The AI security category is fragmented across 14 distinct tool types: AI gateway / policy enforcement, AI DLP, AI SPM, model security, guardrails, agent identity, red teaming, model risk management, AI observability, vendor risk for AI, AI incident response, AI training data security, federated learning security, and AI supply chain. Each category solves a different layer of the AI stack. Buyers who treat the category as one bucket overspend on overlap and underspend on the actual enforcement layer. This list walks through what each category does, where it sits in the architecture, and what to ask vendors before buying.

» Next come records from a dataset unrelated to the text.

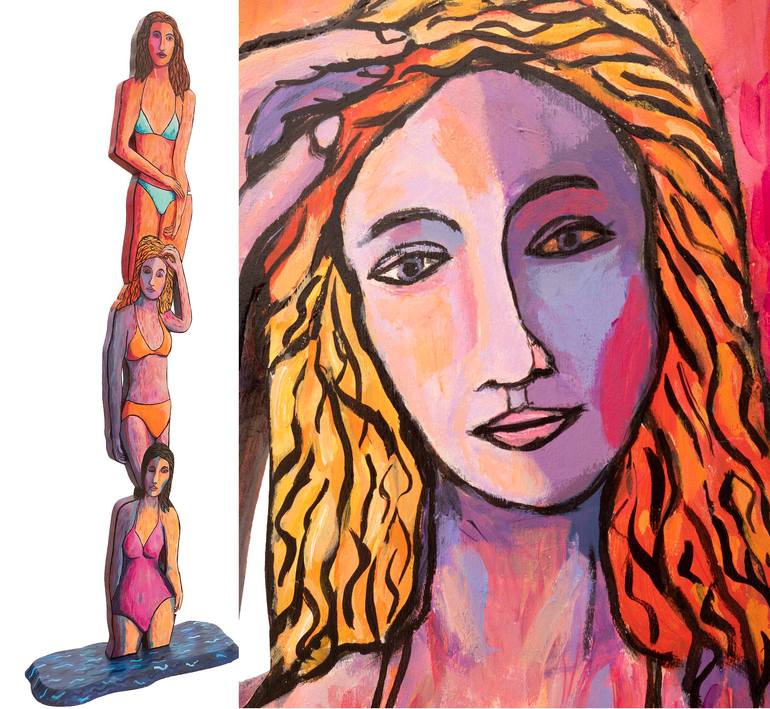 I am lucky to have spent many days from my childhood to the present on Southern California beaches. They inspired me to create colorful, expressionistic figures from the iconographic images of beach going women and men, from surfers to sunbathers. I chose as the form for these works, the totem poles...
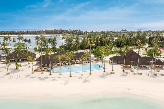 Ihre Vorteile: Auf zwei, durch eine kleine Brücke miteinander verbundenen Inseln gelegen: Die ca. 740 m x 140 m große Haupinsel Olhuveli mit üppiger Vegetation und die ca. 330 m x 170 m große „Dream Island“
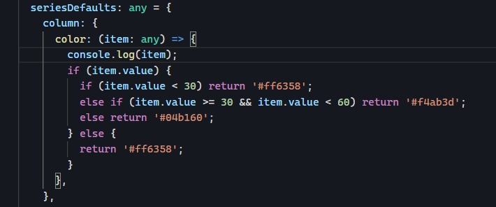 Hello, there is a conflict happen when I use seriesdefault to custom the colors of bars, the trendline dissapear, it exists but never show

ByParminder Singh· Founder & CEO, DeepInspect Inc.
Comparisons & Alternativesai-securityvendor-evaluationbuying-guideai-toolscategory-mapai-gateway
AI Security Tools List: The 14 Categories That Actually Show Up in Enterprise Architecture

The AI security category has fragmented into 14 distinct tool types over the past 18 months. The fragmentation tracks the AI stack: model security, agent security, gateway security, data security, infrastructure security, and process security each have their own vendor cohort. Buyers who treat the category as one bucket end up with overlap across three or four categories and gaps at the enforcement layer. Buyers who read the category map first can build a stack that covers the stack without spending three times what is needed.

The most common buying mistake is purchasing in the wrong order. Teams buy a model security tool, then discover they need a gateway. Teams buy guardrails, then discover the guardrails cannot enforce policy on traffic the application bypasses. The category that has to be in place before others are useful is the enforcement layer.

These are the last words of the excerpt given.